Burton’s guilt over brother

Regarding Anthony Quinn’s charge of fratricide against Richard Burton; the two were on a bender together when something awful happened (“The secrets of their excess”, New Review).

That Burton felt it to be fratricide should not be discounted: the men came from a mining background; to have caused terrible injury to a brother – a brother literally or figuratively, a workmate was also a brother – was to have broken the most basic code by which people survived; Burton probably never came to terms with it.
Eoin Dillon
Dublin

Nothing like a good lunch

I thought I was going to write in disapprovingly when I saw Jay Rayner’s article (“Call that lunch”, Focus, last week) about it being his least favourite meal, but even he comes round by the end.

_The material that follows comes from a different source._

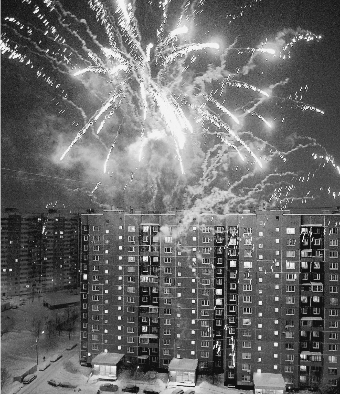
Валютные колебания практически не повлияли на предпочтения жителей столицы, пострадать может только пиротехника

As a former eating-lunch-at-my-desk worker, I can confirm there is now nothing better than a long lunch, a glass of wine and the inevitable mid-afternoon snooze. It makes missing a proper lunch all those working years so worthwhile.
Bob Dawson
Greenmount, Bury, Lancashire

Anyone for croquet?

I am increasingly puzzled by the new sports that are added to the Olympics (“The world’s view on extra sports added to the Olympics”, Comment). Some of them seem quite esoteric.

Why sports such as tennis or football, whose players earn thousands of pounds a week, are in an international event founded on an amateur ethos beats me. Why isn’t croquet considered? It is one of the few sports played worldwide on a purely amateur basis in which men and women, old and young, the athletic and the not so fit, compete on a level playing field.